I'm perfectly willing to be told my interpretation was too optimistic, though :-) And it's not actually a critical issue for me since I can easily work around the differences across versions of Julia by just being a little less lazy — I was ultimately abusing Julia's @fastmath macro to just get a version of sqrt that doesn't do the domain (x < 0) check since I know by construction that won't happen in my algorithm.


> I did some analysis of that for x86 in bug 21385. Even identical asm is not
> guaranteed to produce identical results - if we use an estimate instruction,
> that can vary depending on CPU model.

Kind of a side comment at this point, but I've been doing single CPU tests thus far and plan to expand to a couple of different architectures soon. My goal for the moment is a best-reasonable effort algorithm, wherein I make use of numerical best practices in designing the algorithm, but I'm not (yet) going to bend over backwards if one CPU has poorer accuracy of say it's sqrt instruction than another. (I do still want the speed afforded by CPU instructions versus library calls.)

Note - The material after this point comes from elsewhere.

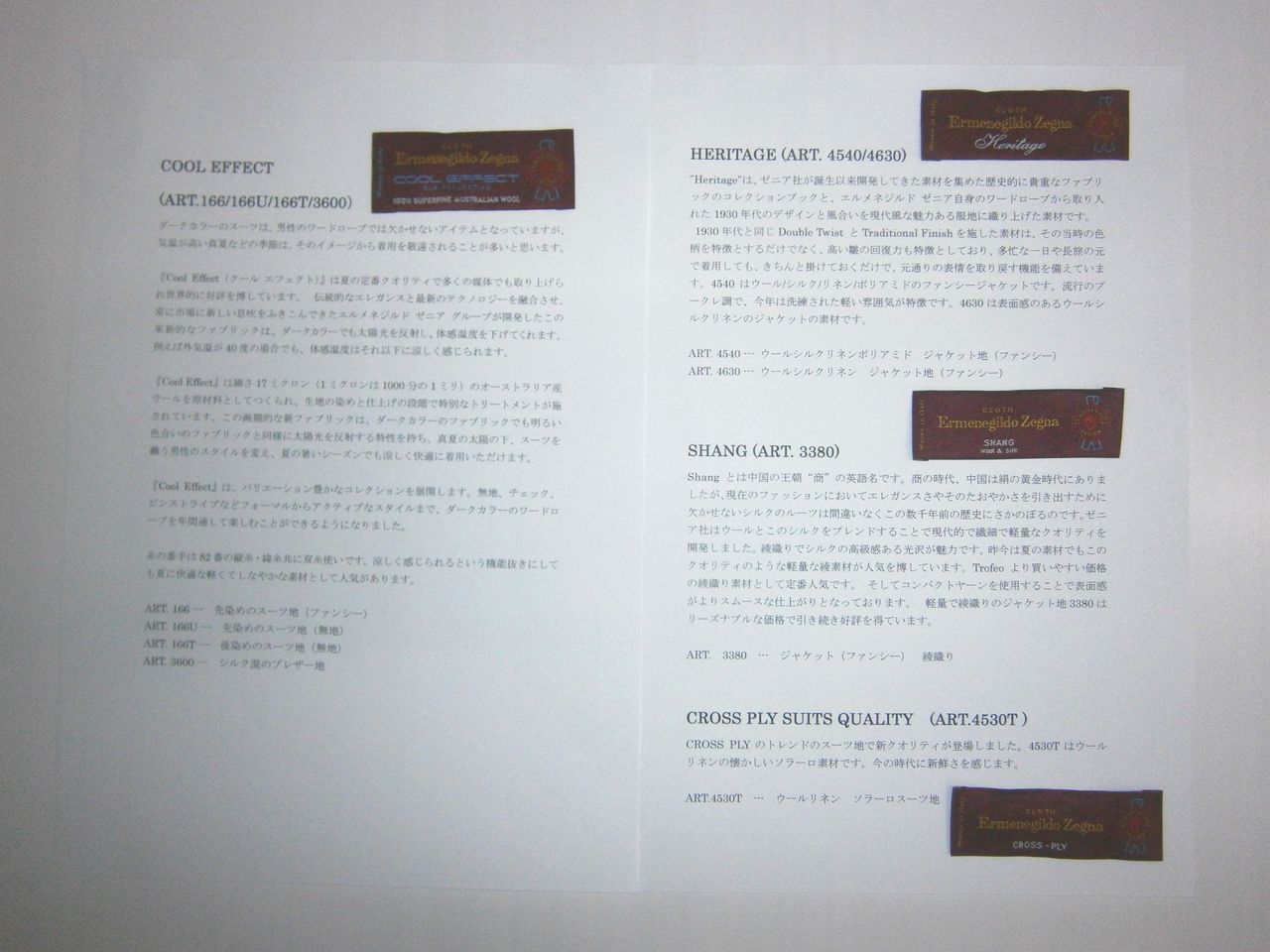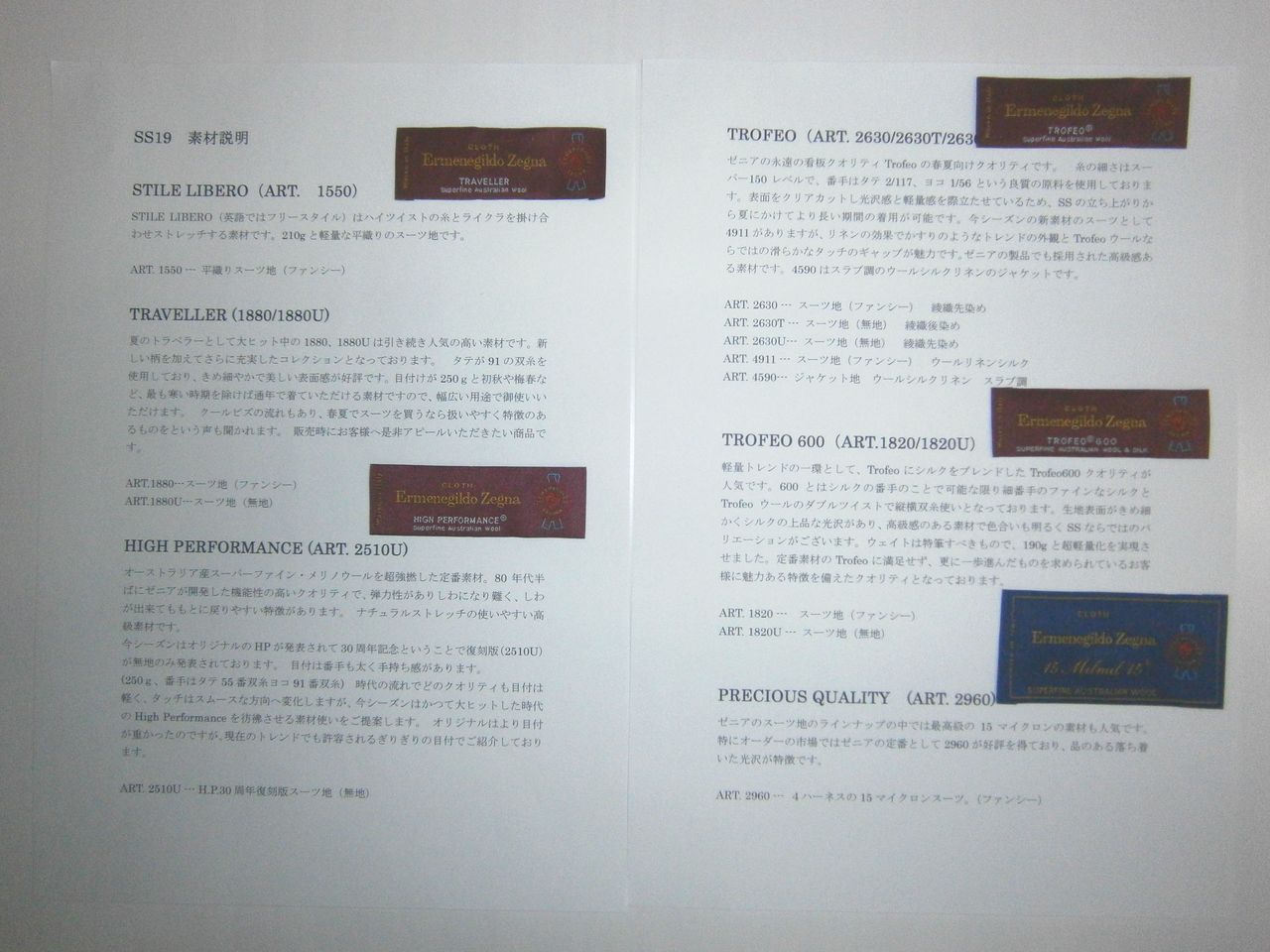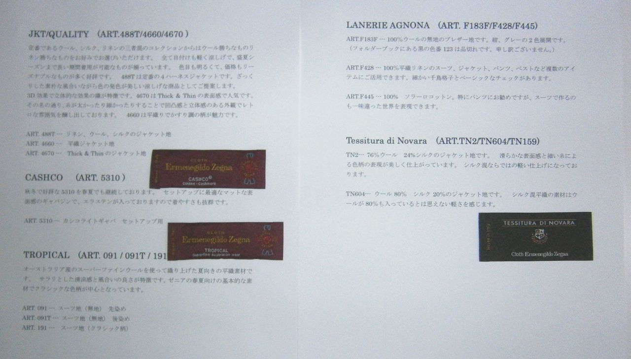 2019年02月23日 SS19ゼニアの素材説明です Ermemegildo Zegua2019年春物・夏物の素材説明です。年々素材は進化しております。トラベラーは人気で春先には最適な素材です。クールエフェクトは着た瞬間に体感温度を下げてくれて、涼しく感じられます。ROFEOやTROPICALなども人気です。ゼニアで最高級の品のある落ち着いた光沢が特徴の15Milmil15なども新柄揃っております。下の写真の内容はもちろん生地も店頭でいつでもご覧いただけます。

> So again, I'm not opposed to tightening the semantics, but I'm not entirely
> sure what effects that might have. We may end up losing an optimization
> somewhere and getting the opposite bug report where the stricter
> interpretation means we didn't produce as fast a sequence as someone else
> was expecting.

I think we're in agreement. It'd be nice to have some clarification on what the semantics are just because there are reasonable yet disjoint interpretations possible.

I don't _need_ this to be "fixed" to make progress, and Julia admittedly sits in a unique space where single-instruction fast-math flags are easy to make.